COT, obiettivo già centrato
Quasi 8,5 milioni di euro sono stati destinati alla realizzazione di 50 Centrali operative territoriali. Il target previsto – centrali pienamente funzionanti – è stato già raggiunto in tutte le province siciliane.
Nel Trapanese sono previste quattro Cot definitive, inserite all’interno delle strutture che ospiteranno Case e Ospedali di comunità. I lavori, già avviati, si concluderanno entro il 31 marzo 2026 e sostituiranno le attuali centrali provvisorie.
Ospedali di comunità, investimenti per 96 milioni
Per gli Ospedali di comunità sono stati assegnati 96,4 milioni di euro per 39 interventi. Otto strutture hanno già completato la fase realizzativa: una è già operativa, mentre sette saranno attivate a breve.
Le restanti 31 strutture seguiranno un cronoprogramma che prevede la conclusione dei lavori entro marzo 2026: nove a gennaio, cinque a febbraio e 17 a marzo, in linea con il target finale previsto dal Pnrr.

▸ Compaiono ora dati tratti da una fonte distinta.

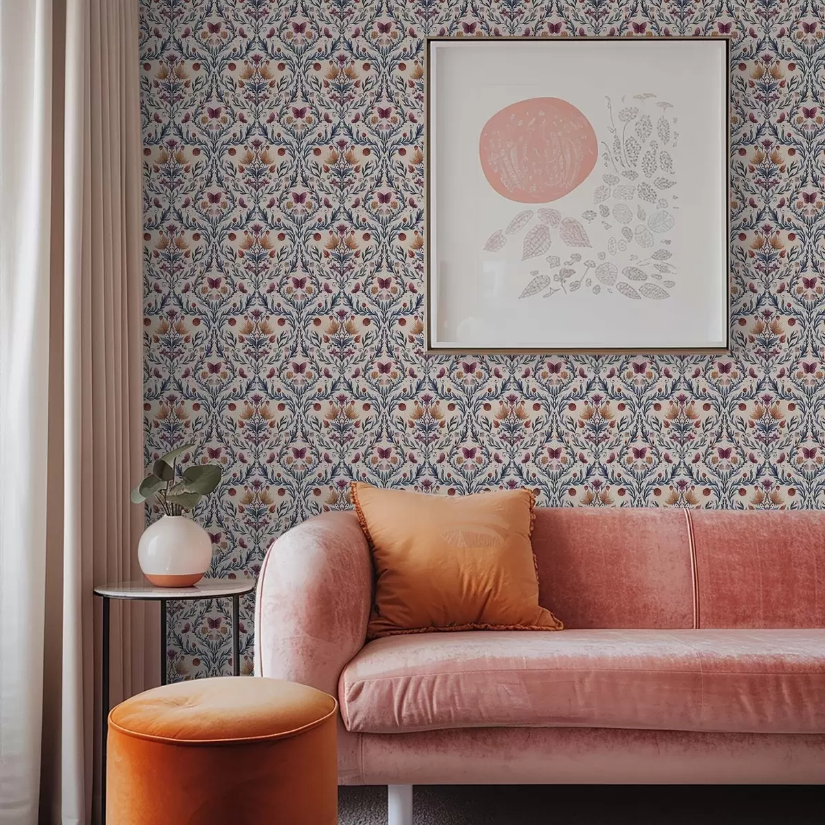 Baggrunde Blomstret damask med sommerfugle på blød ferskenfarvet baggrund Nr. a00926

Ospedali sicuri e sostenibili, cantieri in corso
Altri 61,6 milioni di euro finanziano 12 interventi nell’ambito del programma “Ospedali sicuri e sostenibili”. Un presidio ha già completato gli interventi di adeguamento ed è operativo. Per le altre 11 strutture i cantieri sono stati consegnati e i lavori sono in corso.
La conclusione degli interventi antisismici è prevista per due strutture a gennaio e per le restanti nove a marzo 2026, nel rispetto del target fissato al 30 giugno 2026.
Digitalizzazione e grandi apparecchiature: numeri oltre il target
Completata anche la digitalizzazione dei 29 Dipartimenti di emergenza e accettazione di I e II livello: le attività di collaudo e verifica si sono concluse entro la scadenza del 30 settembre 2025, centrando pienamente l’obiettivo previsto.
Sul fronte delle grandi apparecchiature sanitarie, a fronte di un target minimo di 259 unità, la Regione ha programmato l’acquisto di 301 dispositivi. A dicembre 2025 risultavano operative 276 apparecchiature; oggi sono 287 quelle già collaudate, mentre per le restanti 14 sono in corso le ultime fasi di completamento.
Un investimento che punta a migliorare le prestazioni specialistiche ambulatoriali e a ridurre concretamente le liste d’attesa, rafforzando l’offerta sanitaria sul territorio.